Aiming to Fight Discrimination and Predatory Lending, It Will Also Advocate for Veterans with Housing Needs

Yesterday, Congressman Al Green’s (TX-09) “Veterans, Women, Families with Children, and Persons with Disabilities Housing Fairness Act of 2010” (H.R. 476) was unanimously voted out of the Subcommittee on Housing and Community Opportunity and forwarded to the Committee on Financial Services with a favorable recommendation. Upon favorable vote by the full committee, it will go to the Floor to be voted on by the House of Representatives.

“This bill represents one more step forward in ending housing discrimination, especially against disabled persons and particularly against our veterans,” said Congressman Al Green at the beginning of the mark up session held by the Subcommittee. He pointed to a 2008 report by the National Fair Housing Alliance which indicated that 31.3 to 49 percent of over 30,000 fair housing complaints filed that year were based upon disability. “Given that there are approximately 2.9 million disabled veterans, there is reason to believe that many veterans and military personnel face housing discrimination.”

The bipartisan bill, which has 64 cosponsors, seeks to provide more resources to the Department of Housing and Urban Development to investigate and enforce fair housing laws that protect against discrimination in the sale or rental of housing and related services. According to one estimate by the University of Wisconsin, more than four million fair housing violations occur every year. Due to a lack of funds, just 30,000 are reported to federal, state or local fair housing authorities and only a handful are investigated, with less than 120 actually resulting in prosecution.

The Veterans, Women, Families with Children, and Persons with Disabilities Housing Fairness Act would authorize a $5 million competitive matching grant program for private non-profit organizations to examine the causes of housing discrimination and segregation, as well as their effects on education, poverty and economic development. It includes a provision to study the effects of housing discrimination on veterans and military personnel.

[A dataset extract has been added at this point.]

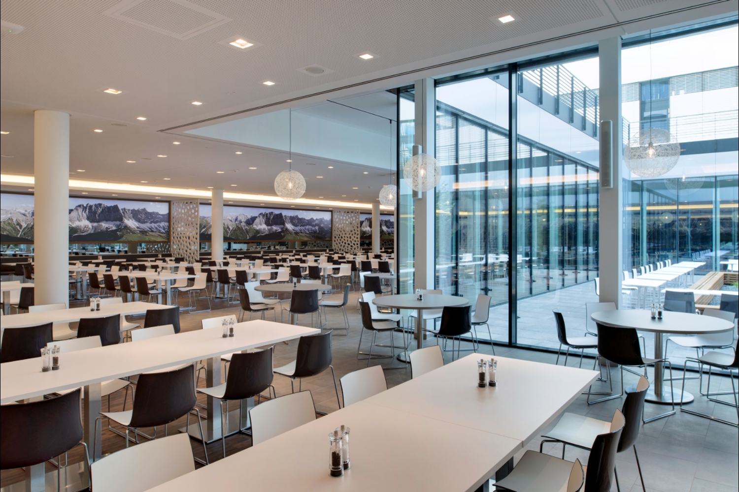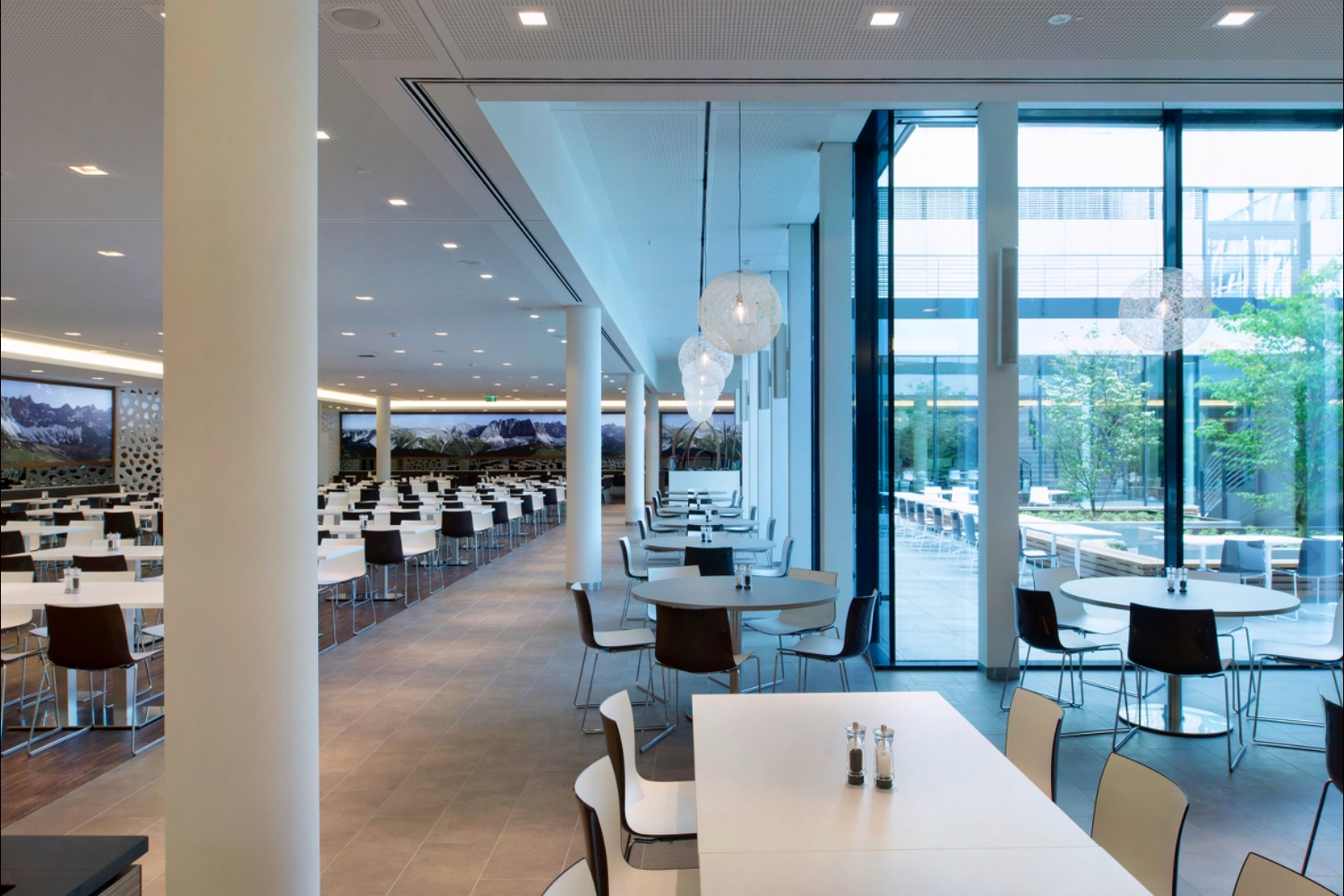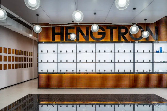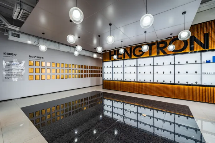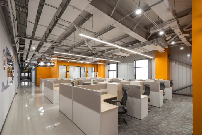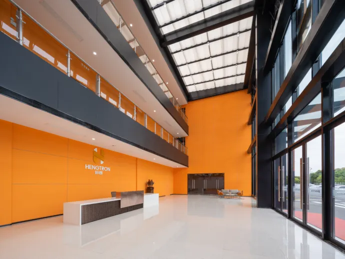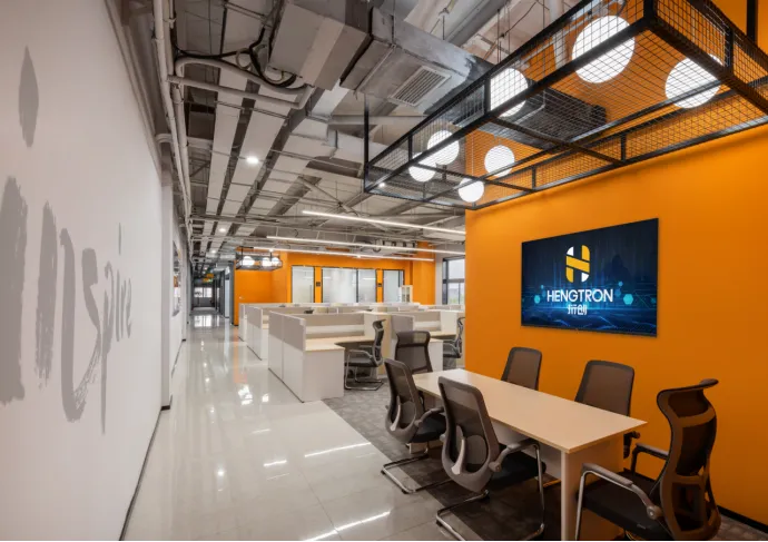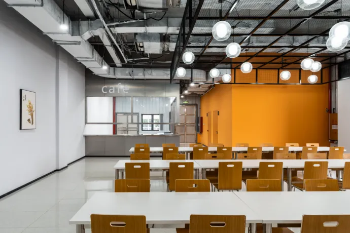 在员工餐厅,统一大面积地延用大堂的活泼元气的橙色作为背景色,如“电子”一般的玻璃灯泡元素在漂浮在一个半开放的钢架盒子里, 给工厂的食堂平添一份设计感和活泼,同时加强品牌的统一形象。

Congressman Green said, “The 1968 Fair Housing Act was signed into law because of the efforts of Dr. Martin Luther King Jr. to bring civil rights and justice in housing to all Americans. This bill outlawed discrimination in housing based upon race, color, religion, and national origin. In 1974, sex was added to the list. In 1988, persons with disabilities were added, and now H.R. 476 will add a focus on veterans and military personnel.”

The Housing Fairness Act is endorsed by 13 organizations: the Iraq and Afghanistan Veterans of America, American Civil Liberties Union, the NAACP Legal Defense Fund, the National Council of La Raza, the National Urban League, the National Community Reinvestment Coalition, the League of United Latin American Citizens, the National Fair Housing Alliance, the Leadership Conference on Civil and Human Rights, the Greenlining Institute, the National Coalition for Asian Pacific American Community Development, the American Legion, and the National Association for the Advancement of Colored People.